Sat 25 Oct, 2008
“War over the brain”
5:32 pm Comments (5) Filed under: Origins and ScienceTags: Materialism, Neuroscience
Amanda Gefter wrote in New Scientist on October, 22,
Could the next battleground in the ID movement’s war on science be the brain?
[Link: Creationists declare war over the brain - brain - 22 October 2008 - New Scientist]
Some key excerpts:
The article is riddled with words like “worry,” “attack,” “war,” “threat.” Gefter tried to make it seem such language comes from the non-material side primarily, but the effect of it all on materialist scientists shows clearly.

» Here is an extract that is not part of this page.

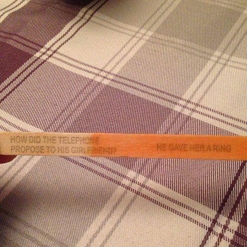 Universal code word for guys when they are erect. 6 was afraid of 7, cause 7, ate, 9. The popsicle were good though. In fact, here's a freebie, where do cantaloupes spend their summer … There are hints included , if you need them and the answers are provided. Created by imthefooifunniest gentleman evera community for 8 years. All those burning questions you had are still gleefully ignored. It's never too cold for popsicles, and you're never too old for popsicle stick jokes. Whoever writes the jokes that end up on popsicle sticks clearly has no idea what he's doing. The joke is hilarious, but many people. Why did the octopus laugh? Can you pick the answers to these 'hilarious' popsicle stick jokes? What is the best joke you have heard that was on the end of a popsicle stick?

Clearly, while there is a genuine attempt to appropriate neuroscience, it will not influence US laws or education in the way that anti-evolution campaigns can because neuroscience is not taught as part of the core curriculum in state-funded schools. But as Andy Clark, professor of logic and metaphysics at the University of Edinburgh, UK, emphasises: “This is real and dangerous and coming our way.”
He and others worry because scientists have yet to crack the great mystery of how consciousness could emerge from firing neurons. “Progress in science is slow on many fronts,” says John Searle, a philosopher at the University of California, Berkeley. “We don’t yet have a cure for cancer, but that doesn’t mean cancer has spiritual causes.”
Gefter’s last word is,
What can scientists do? They have been criticised for not doing enough to teach the public about evolution. Maybe now they need a big pre-emptive push to engage people with the science of the brain – and help the public appreciate that the brain is no place to invoke the “God of the gaps”.
What can scientists do? Let’s back that question up a step. What can scientists do for what? What are they so concerned to protect? Just this, it seems: science’s hegemony on knowledge; its ownership of all explanations; its insistence that it is the sole source of information. Other than that, what threat does this pose science?
Well, yes, there’s more. Philosophy of mind “threatens” to show that material explanations are not entirely sufficient. That opens the door another crack for the dreaded Intelligent Design to enter.
Be afraid, materialist science. Be very afraid.
I’ll add this before closing: the Evangelical Philosophical Society has also responded to Gefter’s article on their blog, including several corrections of factual errors, and this from J.P. Moreland:
The simple truth is that in both science and philosophy, strict physicalist analysis of consciousness and the self have been breaking down since the mid-1980s. The problems with physicalism have nothing directly to do with theism; they follow from rigorous treatments of consciousness and the self as we know them to be. The real problem comes in trying to explain its origin and for this problem, naturalism in general and Darwinism in particular, are useless. In my view, the only two serious contenders are theism and panpsychism which, contrary to the musings of some, has throughout the history of philosophy been correctly taken as a rival to and not a specification of naturalism.
Angus Menuge also corrected Patricia Churchland’s assertion that non-material views of mind come from an argument from ignorance:
At any given time, scientists should infer the best current explanation of the available evidence, and right now, the best evidence from both neuroscience and rigorous philosophical analysis is that consciousness is not reducible to the physical. Churchland’s refusal to draw this inference is based not on evidence, but on what Karl Popper called “promissory materialism,” a reliance on the mere speculative possibility of a materialistic explanation. Since this attitude can be maintained indefinitely, it means that even if a non-materialist account is correct (and supported by overwhelming evidence), that inconvenient truth can always be ignored.